◆ **Task**
From the line with "黑頸鶴在收割完的青稞地。人民網(wǎng) 李海霞 攝" to the line with "乾酵母 ... 11/3匙", output every line below exactly, both ends included. Skip the pictures.

◆ **Data to use**
================

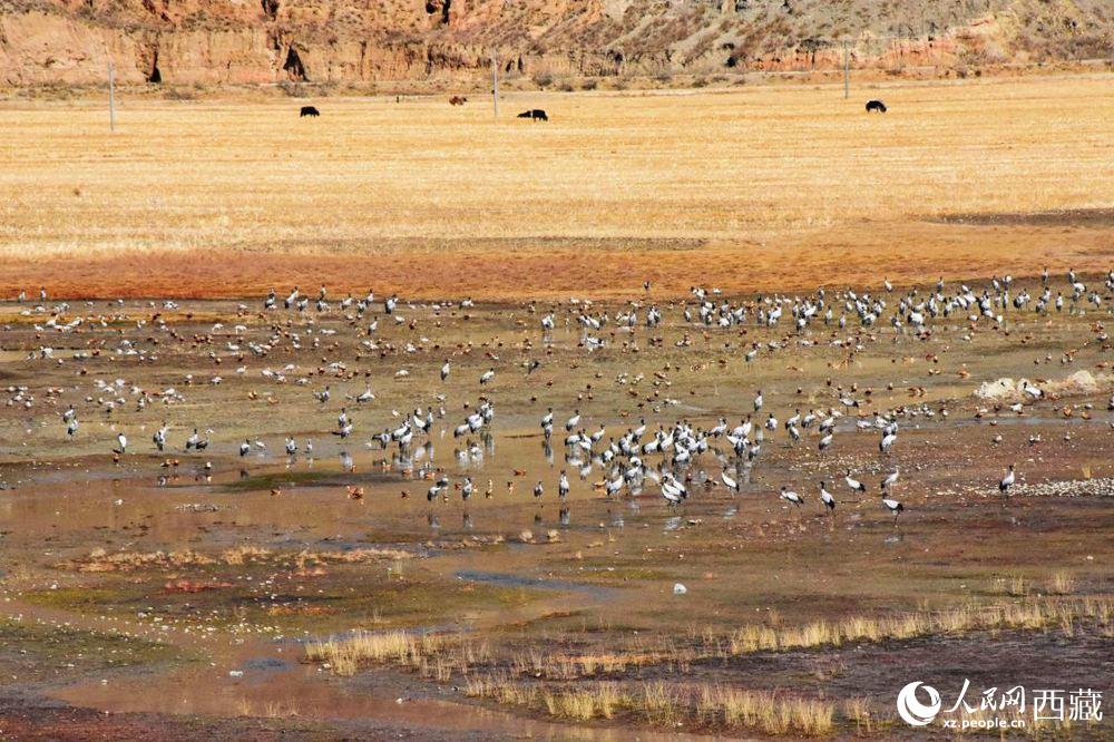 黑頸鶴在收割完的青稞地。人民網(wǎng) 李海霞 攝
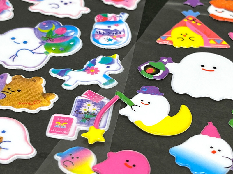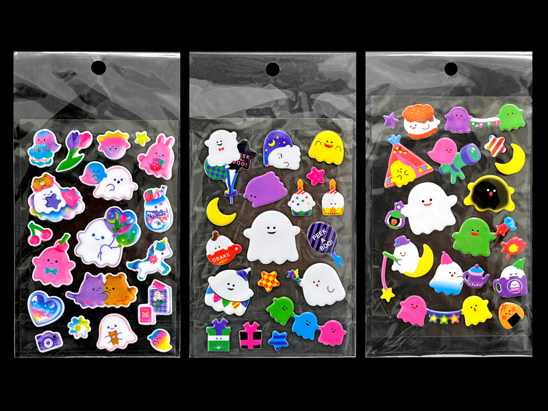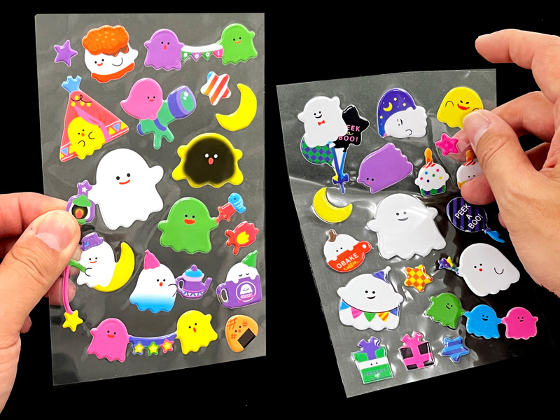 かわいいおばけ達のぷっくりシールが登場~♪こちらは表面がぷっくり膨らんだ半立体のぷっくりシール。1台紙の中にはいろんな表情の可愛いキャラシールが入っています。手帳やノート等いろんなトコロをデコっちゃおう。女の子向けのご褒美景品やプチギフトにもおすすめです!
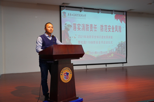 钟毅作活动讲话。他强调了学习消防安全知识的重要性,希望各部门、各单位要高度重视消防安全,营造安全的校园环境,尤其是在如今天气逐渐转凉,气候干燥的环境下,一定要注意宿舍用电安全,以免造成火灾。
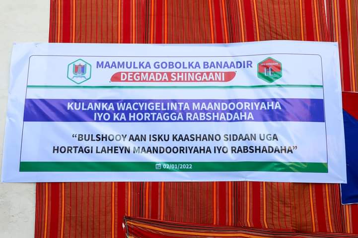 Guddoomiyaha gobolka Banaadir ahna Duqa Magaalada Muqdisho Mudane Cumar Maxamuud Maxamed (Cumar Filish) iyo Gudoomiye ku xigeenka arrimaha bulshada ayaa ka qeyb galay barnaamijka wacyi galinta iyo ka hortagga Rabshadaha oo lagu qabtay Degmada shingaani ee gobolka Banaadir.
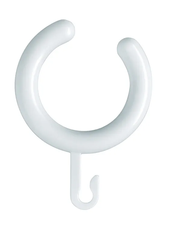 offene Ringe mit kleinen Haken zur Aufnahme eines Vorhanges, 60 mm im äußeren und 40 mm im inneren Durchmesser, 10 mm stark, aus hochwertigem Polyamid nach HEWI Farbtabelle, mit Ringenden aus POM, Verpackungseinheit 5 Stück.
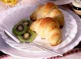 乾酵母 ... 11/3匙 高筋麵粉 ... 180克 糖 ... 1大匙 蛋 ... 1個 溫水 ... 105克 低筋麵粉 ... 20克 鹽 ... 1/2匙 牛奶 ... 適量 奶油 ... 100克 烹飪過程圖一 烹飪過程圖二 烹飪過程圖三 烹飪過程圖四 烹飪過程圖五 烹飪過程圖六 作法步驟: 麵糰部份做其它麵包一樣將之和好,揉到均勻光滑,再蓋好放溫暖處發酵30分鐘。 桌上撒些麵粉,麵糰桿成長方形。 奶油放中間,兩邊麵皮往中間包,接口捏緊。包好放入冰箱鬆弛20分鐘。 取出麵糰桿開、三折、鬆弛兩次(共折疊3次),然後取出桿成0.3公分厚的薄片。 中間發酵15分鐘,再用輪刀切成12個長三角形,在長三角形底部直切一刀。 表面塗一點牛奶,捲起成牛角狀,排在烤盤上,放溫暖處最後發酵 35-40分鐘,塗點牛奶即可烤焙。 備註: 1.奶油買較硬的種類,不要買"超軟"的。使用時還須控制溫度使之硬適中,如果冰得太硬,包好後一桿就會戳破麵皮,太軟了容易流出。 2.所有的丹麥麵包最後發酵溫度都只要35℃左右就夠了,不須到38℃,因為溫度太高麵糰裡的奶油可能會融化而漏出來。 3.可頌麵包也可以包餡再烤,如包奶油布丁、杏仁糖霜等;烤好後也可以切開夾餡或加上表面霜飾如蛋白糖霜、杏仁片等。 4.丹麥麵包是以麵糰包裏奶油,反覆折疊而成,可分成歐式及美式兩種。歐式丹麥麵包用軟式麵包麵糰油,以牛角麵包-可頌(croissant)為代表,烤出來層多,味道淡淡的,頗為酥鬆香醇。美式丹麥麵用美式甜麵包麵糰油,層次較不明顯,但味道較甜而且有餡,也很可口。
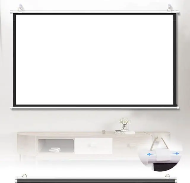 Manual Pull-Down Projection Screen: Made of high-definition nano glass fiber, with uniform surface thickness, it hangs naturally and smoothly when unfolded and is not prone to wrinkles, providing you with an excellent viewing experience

================

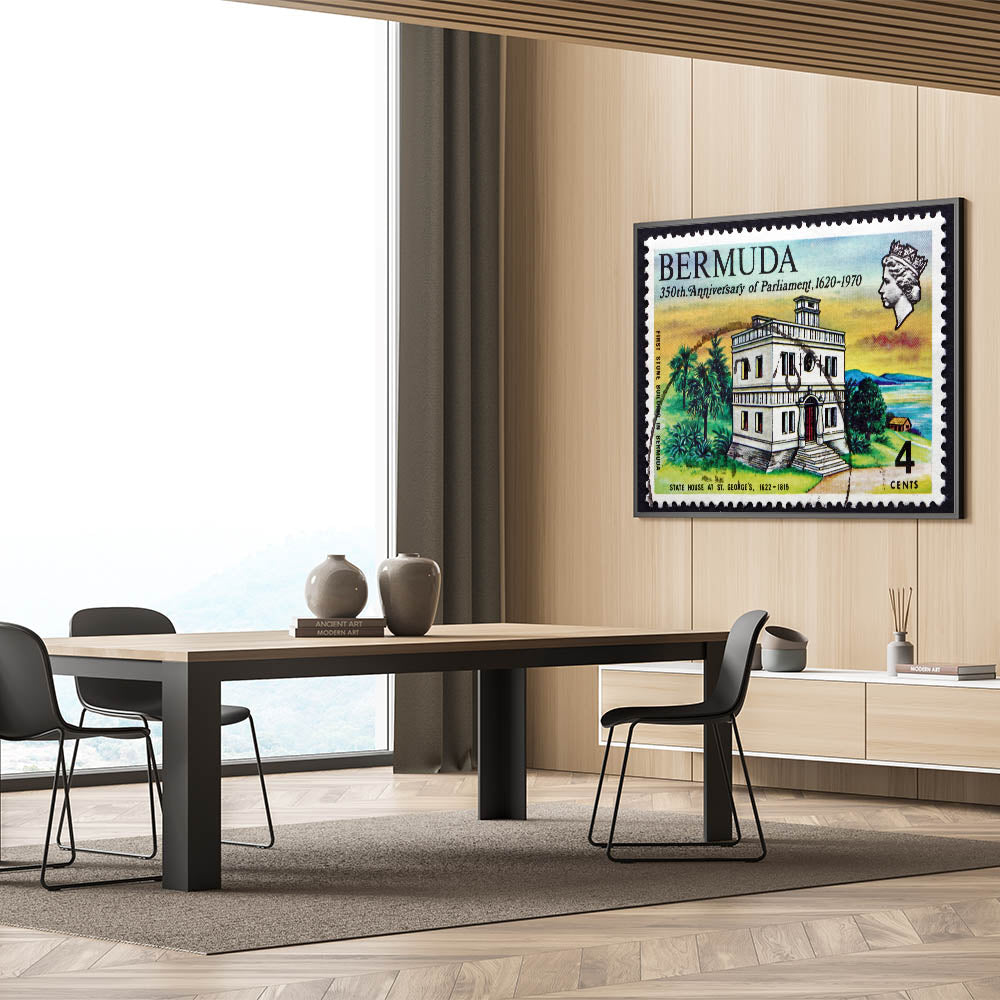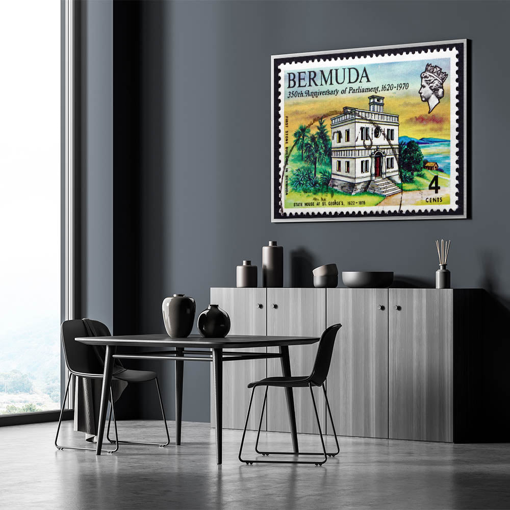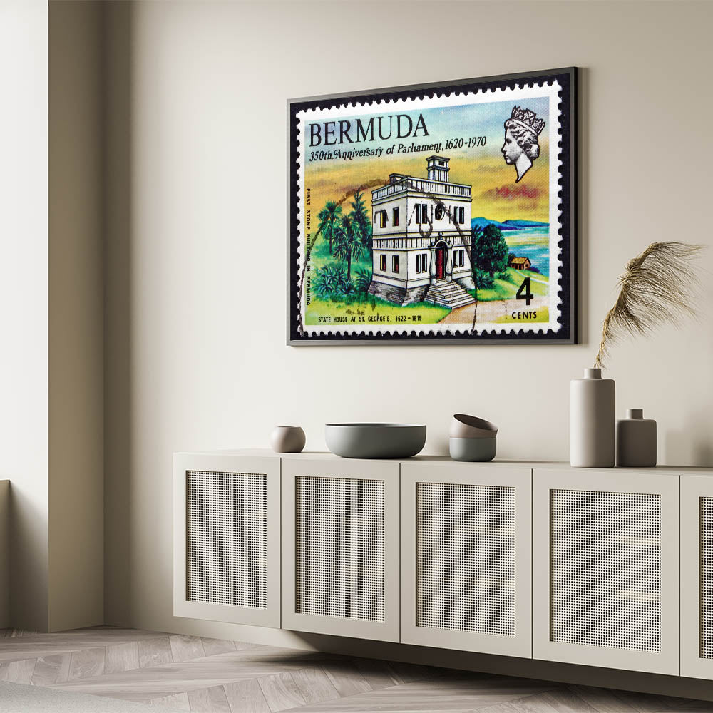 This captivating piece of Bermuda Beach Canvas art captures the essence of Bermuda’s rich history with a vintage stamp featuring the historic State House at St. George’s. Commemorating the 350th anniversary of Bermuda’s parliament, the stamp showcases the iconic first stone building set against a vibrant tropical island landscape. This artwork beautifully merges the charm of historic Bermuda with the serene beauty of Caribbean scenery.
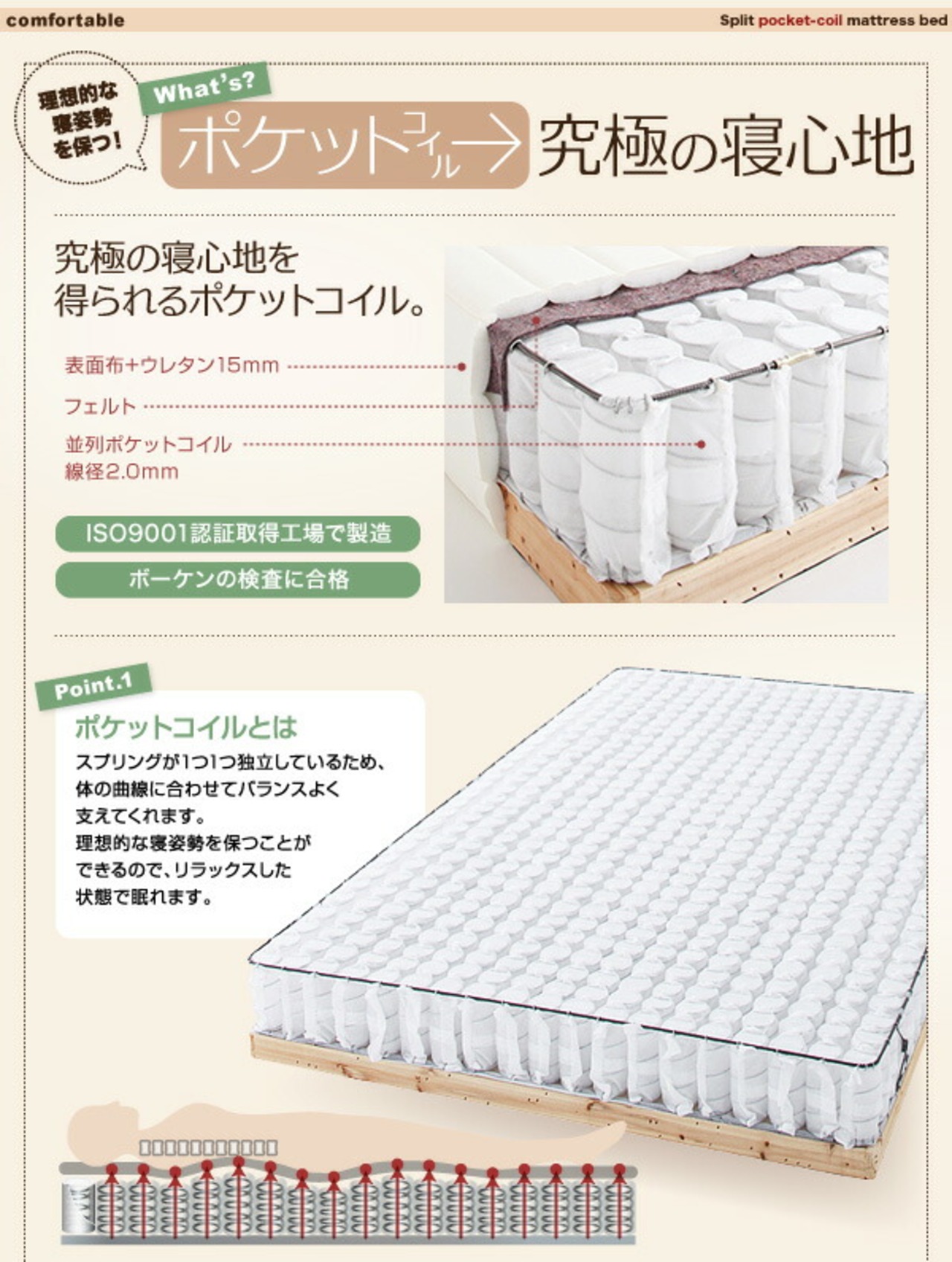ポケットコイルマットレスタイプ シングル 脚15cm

================

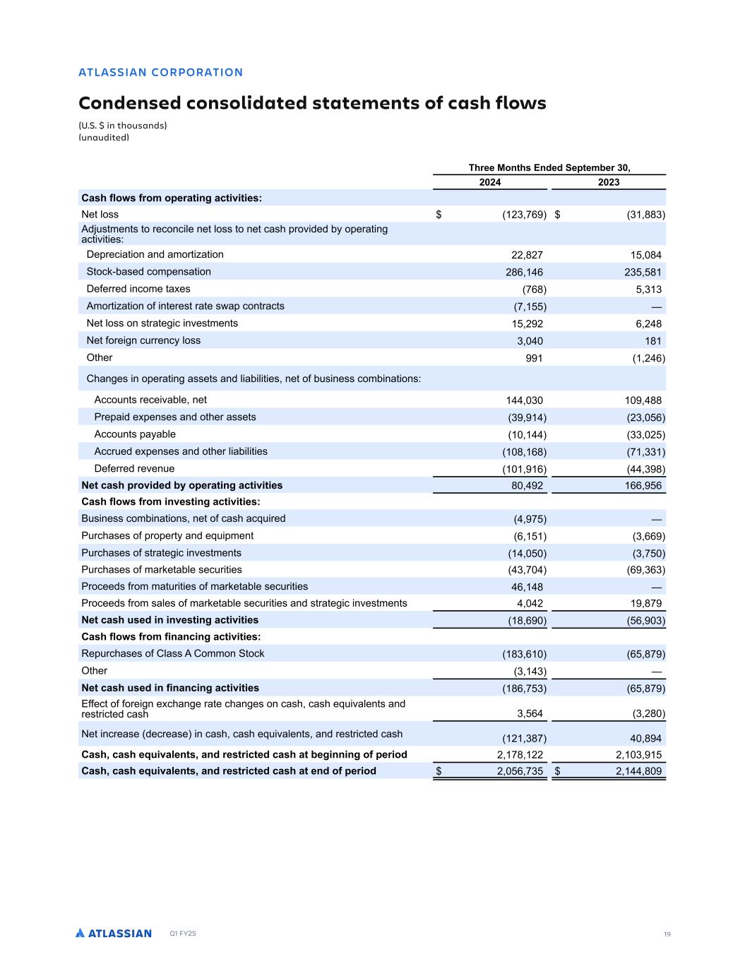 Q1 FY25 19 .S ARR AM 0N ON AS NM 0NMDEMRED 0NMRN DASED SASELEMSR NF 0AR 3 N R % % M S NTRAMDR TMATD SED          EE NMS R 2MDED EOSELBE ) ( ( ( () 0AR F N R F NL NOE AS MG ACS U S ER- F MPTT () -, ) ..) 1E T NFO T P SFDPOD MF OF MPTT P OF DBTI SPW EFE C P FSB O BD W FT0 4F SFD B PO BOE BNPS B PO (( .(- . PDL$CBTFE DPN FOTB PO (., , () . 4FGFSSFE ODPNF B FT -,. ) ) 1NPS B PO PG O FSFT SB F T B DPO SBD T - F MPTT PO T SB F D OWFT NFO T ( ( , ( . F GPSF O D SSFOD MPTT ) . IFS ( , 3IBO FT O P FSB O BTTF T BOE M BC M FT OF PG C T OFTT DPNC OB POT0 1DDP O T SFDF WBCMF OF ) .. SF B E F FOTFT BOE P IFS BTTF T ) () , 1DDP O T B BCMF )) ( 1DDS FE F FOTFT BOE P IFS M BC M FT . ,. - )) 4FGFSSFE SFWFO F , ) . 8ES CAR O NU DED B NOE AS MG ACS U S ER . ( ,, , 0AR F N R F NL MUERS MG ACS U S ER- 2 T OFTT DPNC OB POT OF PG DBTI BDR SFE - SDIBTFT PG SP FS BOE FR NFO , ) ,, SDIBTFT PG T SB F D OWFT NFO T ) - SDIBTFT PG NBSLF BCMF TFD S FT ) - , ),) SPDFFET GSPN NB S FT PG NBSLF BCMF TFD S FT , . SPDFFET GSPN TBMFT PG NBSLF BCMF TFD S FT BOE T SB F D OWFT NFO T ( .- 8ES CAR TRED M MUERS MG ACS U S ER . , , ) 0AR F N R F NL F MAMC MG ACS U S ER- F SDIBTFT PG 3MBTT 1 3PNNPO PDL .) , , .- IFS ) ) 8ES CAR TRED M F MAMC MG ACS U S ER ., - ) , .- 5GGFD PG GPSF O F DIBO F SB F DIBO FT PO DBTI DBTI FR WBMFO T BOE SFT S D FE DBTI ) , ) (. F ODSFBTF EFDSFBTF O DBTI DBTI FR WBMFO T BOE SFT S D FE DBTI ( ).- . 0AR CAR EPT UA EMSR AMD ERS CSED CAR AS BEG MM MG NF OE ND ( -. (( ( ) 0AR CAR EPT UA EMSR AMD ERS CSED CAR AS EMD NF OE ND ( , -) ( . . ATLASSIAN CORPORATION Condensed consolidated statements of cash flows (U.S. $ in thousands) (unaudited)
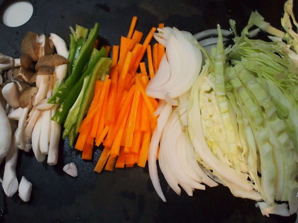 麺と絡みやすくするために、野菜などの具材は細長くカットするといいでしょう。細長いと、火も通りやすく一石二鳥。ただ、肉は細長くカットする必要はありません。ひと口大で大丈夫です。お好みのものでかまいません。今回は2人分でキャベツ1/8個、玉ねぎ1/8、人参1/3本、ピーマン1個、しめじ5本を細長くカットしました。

================

◆ **Result of this exercise**
 黑頸鶴在收割完的青稞地。人民網(wǎng) 李海霞 攝
 かわいいおばけ達のぷっくりシールが登場~♪こちらは表面がぷっくり膨らんだ半立体のぷっくりシール。1台紙の中にはいろんな表情の可愛いキャラシールが入っています。手帳やノート等いろんなトコロをデコっちゃおう。女の子向けのご褒美景品やプチギフトにもおすすめです!
 钟毅作活动讲话。他强调了学习消防安全知识的重要性,希望各部门、各单位要高度重视消防安全,营造安全的校园环境,尤其是在如今天气逐渐转凉,气候干燥的环境下,一定要注意宿舍用电安全,以免造成火灾。
 Guddoomiyaha gobolka Banaadir ahna Duqa Magaalada Muqdisho Mudane Cumar Maxamuud Maxamed (Cumar Filish) iyo Gudoomiye ku xigeenka arrimaha bulshada ayaa ka qeyb galay barnaamijka wacyi galinta iyo ka hortagga Rabshadaha oo lagu qabtay Degmada shingaani ee gobolka Banaadir.
 offene Ringe mit kleinen Haken zur Aufnahme eines Vorhanges, 60 mm im äußeren und 40 mm im inneren Durchmesser, 10 mm stark, aus hochwertigem Polyamid nach HEWI Farbtabelle, mit Ringenden aus POM, Verpackungseinheit 5 Stück.
 乾酵母 ... 11/3匙 高筋麵粉 ... 180克 糖 ... 1大匙 蛋 ... 1個 溫水 ... 105克 低筋麵粉 ... 20克 鹽 ... 1/2匙 牛奶 ... 適量 奶油 ... 100克 烹飪過程圖一 烹飪過程圖二 烹飪過程圖三 烹飪過程圖四 烹飪過程圖五 烹飪過程圖六 作法步驟: 麵糰部份做其它麵包一樣將之和好,揉到均勻光滑,再蓋好放溫暖處發酵30分鐘。 桌上撒些麵粉,麵糰桿成長方形。 奶油放中間,兩邊麵皮往中間包,接口捏緊。包好放入冰箱鬆弛20分鐘。 取出麵糰桿開、三折、鬆弛兩次(共折疊3次),然後取出桿成0.3公分厚的薄片。 中間發酵15分鐘,再用輪刀切成12個長三角形,在長三角形底部直切一刀。 表面塗一點牛奶,捲起成牛角狀,排在烤盤上,放溫暖處最後發酵 35-40分鐘,塗點牛奶即可烤焙。 備註: 1.奶油買較硬的種類,不要買"超軟"的。使用時還須控制溫度使之硬適中,如果冰得太硬,包好後一桿就會戳破麵皮,太軟了容易流出。 2.所有的丹麥麵包最後發酵溫度都只要35℃左右就夠了,不須到38℃,因為溫度太高麵糰裡的奶油可能會融化而漏出來。 3.可頌麵包也可以包餡再烤,如包奶油布丁、杏仁糖霜等;烤好後也可以切開夾餡或加上表面霜飾如蛋白糖霜、杏仁片等。 4.丹麥麵包是以麵糰包裏奶油,反覆折疊而成,可分成歐式及美式兩種。歐式丹麥麵包用軟式麵包麵糰油,以牛角麵包-可頌(croissant)為代表,烤出來層多,味道淡淡的,頗為酥鬆香醇。美式丹麥麵用美式甜麵包麵糰油,層次較不明顯,但味道較甜而且有餡,也很可口。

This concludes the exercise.